Required action >>
As you print the data below, keep every line exactly as it is and leave the images behind.

Source data >>
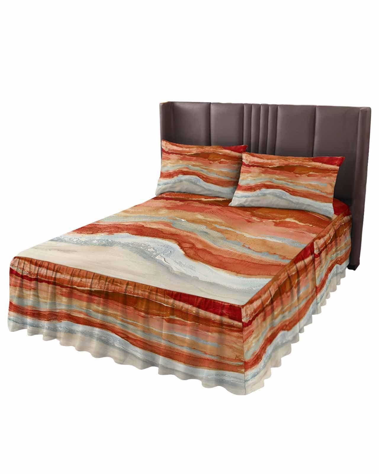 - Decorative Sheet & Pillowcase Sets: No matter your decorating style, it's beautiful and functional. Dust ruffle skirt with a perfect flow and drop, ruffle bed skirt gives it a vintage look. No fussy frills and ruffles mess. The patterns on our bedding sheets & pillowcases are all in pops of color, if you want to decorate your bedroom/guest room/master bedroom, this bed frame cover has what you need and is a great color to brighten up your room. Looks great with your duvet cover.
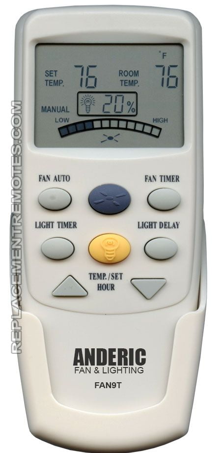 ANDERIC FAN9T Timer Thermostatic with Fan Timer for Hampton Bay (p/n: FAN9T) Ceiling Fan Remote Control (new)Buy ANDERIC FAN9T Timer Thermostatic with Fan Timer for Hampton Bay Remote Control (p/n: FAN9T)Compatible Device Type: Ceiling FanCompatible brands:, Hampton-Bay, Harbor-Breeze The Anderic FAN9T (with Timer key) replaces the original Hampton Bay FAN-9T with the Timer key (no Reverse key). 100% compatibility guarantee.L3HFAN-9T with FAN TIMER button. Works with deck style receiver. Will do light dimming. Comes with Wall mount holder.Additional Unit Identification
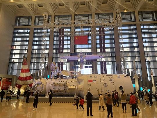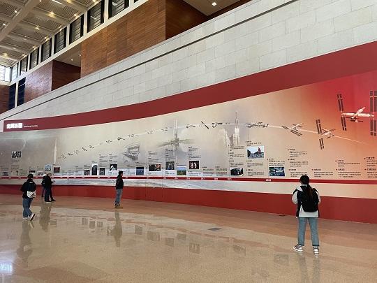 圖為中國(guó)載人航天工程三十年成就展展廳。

Response below >>
 - Decorative Sheet & Pillowcase Sets: No matter your decorating style, it's beautiful and functional. Dust ruffle skirt with a perfect flow and drop, ruffle bed skirt gives it a vintage look. No fussy frills and ruffles mess. The patterns on our bedding sheets & pillowcases are all in pops of color, if you want to decorate your bedroom/guest room/master bedroom, this bed frame cover has what you need and is a great color to brighten up your room. Looks great with your duvet cover.
 ANDERIC FAN9T Timer Thermostatic with Fan Timer for Hampton Bay (p/n: FAN9T) Ceiling Fan Remote Control (new)Buy ANDERIC FAN9T Timer Thermostatic with Fan Timer for Hampton Bay Remote Control (p/n: FAN9T)Compatible Device Type: Ceiling FanCompatible brands:, Hampton-Bay, Harbor-Breeze The Anderic FAN9T (with Timer key) replaces the original Hampton Bay FAN-9T with the Timer key (no Reverse key). 100% compatibility guarantee.L3HFAN-9T with FAN TIMER button. Works with deck style receiver. Will do light dimming. Comes with Wall mount holder.Additional Unit Identification
 圖為中國(guó)載人航天工程三十年成就展展廳。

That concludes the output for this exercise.